WHAT YOU NEED TO DO:
Using the entries that follow, write out the line containing "KORDOVÁNKY SENIOR –", the line containing "BR – Kordovánky 4x foto: archív Kordovánok", and every line between them, exactly and nothing else.

GIVEN RECORDS:

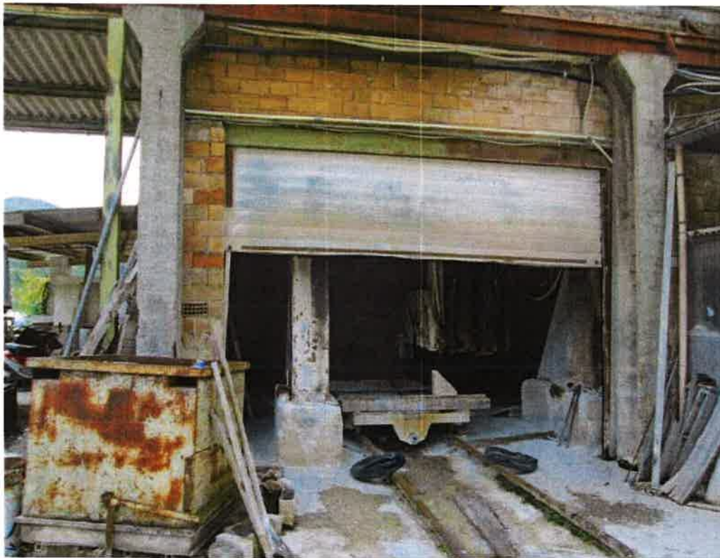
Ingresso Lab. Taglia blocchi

--

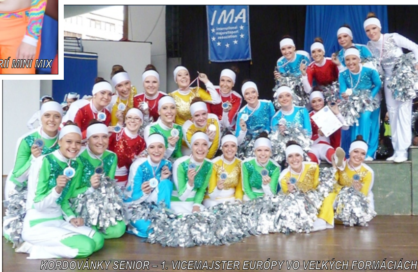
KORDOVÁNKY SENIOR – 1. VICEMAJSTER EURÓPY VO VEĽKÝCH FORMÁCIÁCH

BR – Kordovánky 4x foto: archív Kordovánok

* * *

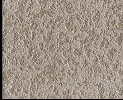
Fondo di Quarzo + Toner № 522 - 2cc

SOLUTION TO THE PROBLEM:
KORDOVÁNKY SENIOR – 1. VICEMAJSTER EURÓPY VO VEĽKÝCH FORMÁCIÁCH

BR – Kordovánky 4x foto: archív Kordovánok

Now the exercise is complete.